Dyld 2 has gone through several iterations since its release in 2004, and some of the features we see today, such as ASLR, Code Sign, share Cache, etc., were introduced in DyLD 2

Dyld 2.0 (2004-2007)

  • Dyld 2 was released in macOS Tiger in 2004

  • Dyld 2 is a completely rewritten version of dyld 1 that correctly supports C++ initializer semantics while extending the mach-o format and updating dyld. Thus, the efficient C++ library is supported.

  • Dyld 2 has a complete implementation of Dlopen and DLSYM (mainly for dynamically loading libraries and calling functions) and correct semantics, so the older API is deprecated

    • Dlopen: Opens a library and gets a handle

    • Dlsym: Finds the value of a symbol in an open library

    • Dlclose: closes the handle.

    • Dlerror: Returns a string describing the error of the last call to dlopen, DLSYm, or DLCLOSE.

  • Dyld is designed to speed up startup. Therefore, only limited health tests are performed.

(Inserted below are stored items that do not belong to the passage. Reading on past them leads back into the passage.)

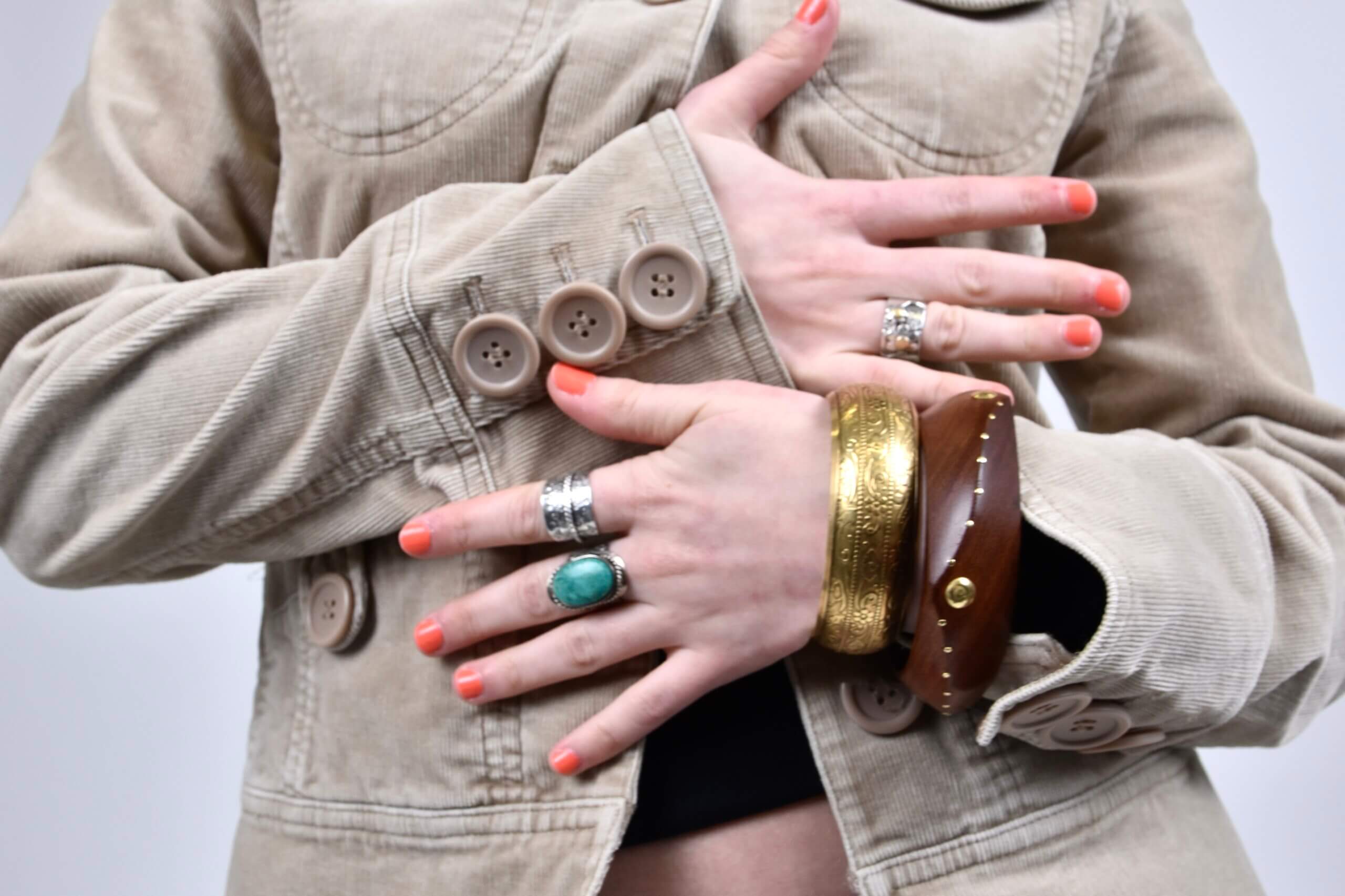 For years, my style has been inspired by 90s TV shows like Gilmore Girls and Friends. I love a low-rise jean moment reminiscent of the Gilmore Girls, paired with a more bohemian and chunky jewellery inspired by Phoebe from Friends. Most of my jewellery comes from charity shops, where you can find unique, one-of-a-kind pieces at incredibly affordable prices—these bangles were just 50p each.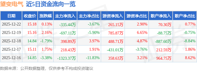 证券之星消息,截至2025年12月22日收盘,望变电气(603191)报收于15.18元,上涨0.13%,换手率1.82%,成交量6.0万手,成交额9129.49万元。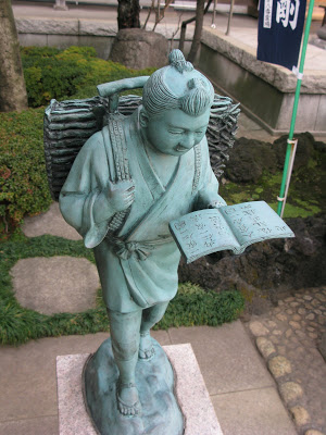 O consultor da época dos samurais chamava-se Ninomiya Kinjiro e a estátua da foto está presente em diversas escolas de primeiro grau do Japão, como um símbolo de parcimônia, esforço e doação.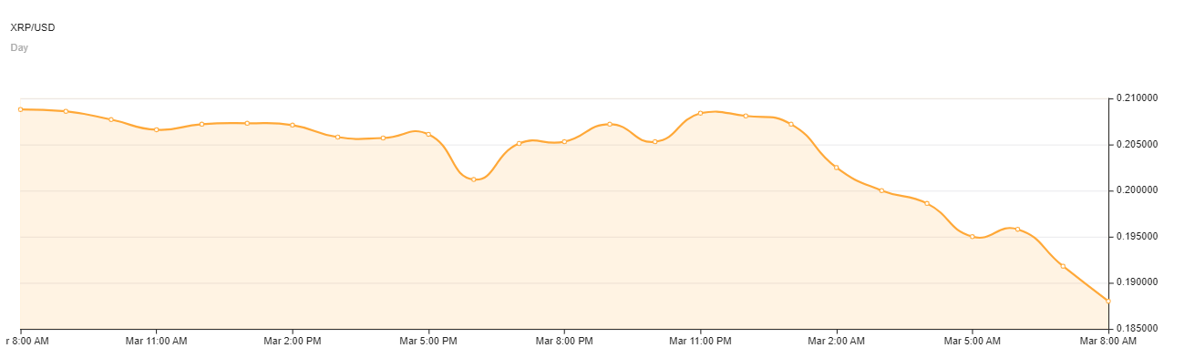 Schlechter als den Bitcoin-Kurs traf es XRP. Die Ripple-Währung hat während der Abverkäufe des letzten Tages knapp 6 Prozent abgegeben, innerhalb einer Woche waren es über 15 Prozent. Damit notiert der Ripple-Kurs (XRP) bei 0,18 US-Dollar.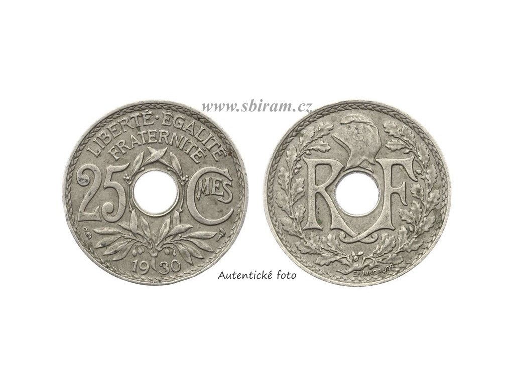 Francie, mince 25 Centimes, 1930, stav 1/1...viz autentické foto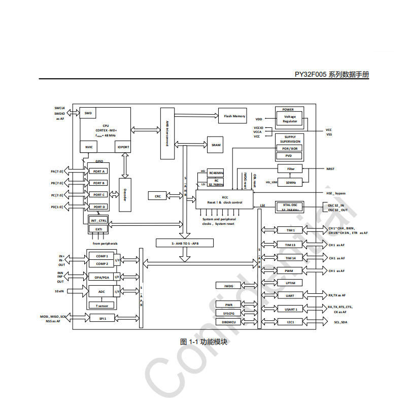 普冉PY32F005搭载32位ARM Cortex-M0+内核,最高主频可达48MHz,可支持复杂的控制算法和实时性较高的数据采集任务。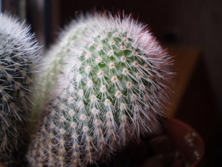 Я большая поклонница кактусов, но вот один есть у меня неизвестный. У него то-ли оранжевые, то-ли красные колючки. Пока еще не разу не цвел. Помогите, может кто нибудь знает как его зовут.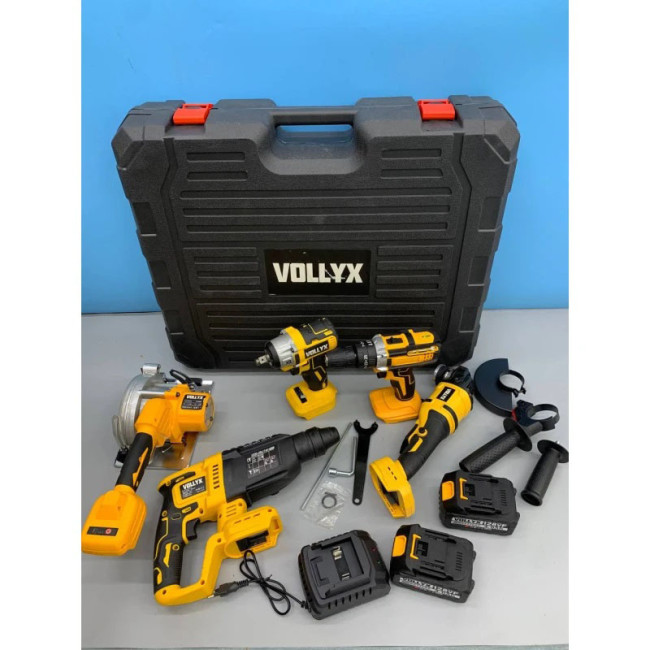 Набір акумуляторних інструментів VOLLYX ідеально підходить для використання у будівництві, ремонті квартир і будинків, монтажі меблів та систем комунікацій. Відмінно справляється із завданнями свердління, шліфування, різання та закручування. Рекомендований для професіоналів, яким важлива ефективність і надійність, а також для приватних користувачів, які бажають мати завжди під рукою багатофункціональну техніку.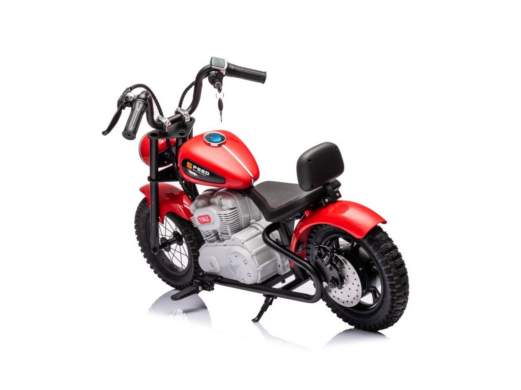 Motocicleta electrica A9902 nu trebuie să lipsească în nici un garaj pentru copii. Vehiculul este alimentat de două baterii cu capacitate 2x18V 9Ah . Sarcina maximă a căruciorului este de 80 kg . Lumina frontală LED și pornirea fără cheie vor interesa cu siguranță copilul .
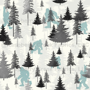 This fabric design features Bigfoot silhouettes in aqua, hidden among stylized evergreen trees in black and gray. The cool-toned palette creates a playful and mysterious feel, perfect for children's decor, quirky apparel, or unique accessories.

Mainly because there were fewer malicious programs in the past

  • Dyld also has some security issues, so some features have been improved to improve dyLD’s security on the platform

  • We were able to reduce the Prebinding effort due to the large increase in startup speed. The difference with editing program data is that here we only edit the system library and can do so only during software updates. So during software updates, you might see words like “optimize system performance.” This is Prebinding at update time. Dyld is now used for all optimizations, and its purpose is optimization. So we have dyld two

Dyld 2.x (2007-2017)

  • A number of improvements were made between 2004 and 20017, and dyLD 2 performance significantly improved
  • First of all,increaseA lot ofThe infrastructureandplatform.
    • Since dyLD 2 was released on PowerPC, it has been addedx86,x86_64,arm,arm64And many derivative platforms.
    • Also launchediOS,tvOSandwatchOS, all of which require new DYLD functionality
  • Increase security in a number of ways
    • increasecodeSigningCode signing,
    • ASLR (Address Space Layout Randomization)Address space configuration random loading: each time the library is loaded, it may be at a different address
    • bound checkingBoundary checking: The Header boundary checking feature was added to the Mach-O file to avoid the injection of malicious binary data
  • Enhanced performance
    • Prebinding can be eliminated withshare cacheShared code substitution

ASLR

  • ASLR is a computer security technology to prevent memory corruption vulnerability from being exploited. By randomly placing the address space of the process’s critical data area to prevent attackers from jumping to a specific location in memory, ASLR uses functions

  • Linux has added ASLR in kernel version 2.6.12

  • Apple introduced random address offsets in some libraries in Mac OS X Leopard 10.5 (October 2007), but the implementation did not provide the full protection defined by ASLR. Mac OS X Lion 10.7 provides ASLR support for all applications.

  • Apple introduced ASLR in iOS 4.3.

Bounds checking Bounds checking

  • Significant additions to much of the Mach-o headerThe border checkFunction, thus canAvoid malicious binary data injection

Share Cache Share code

  • Share cache was first introduced in iOS3.1 and macOS Snow Leopard as a complete replacement for Prebinding

  • The share cache is a single file that contains most of the system dylibs, which can be optimized because they are merged into a single file.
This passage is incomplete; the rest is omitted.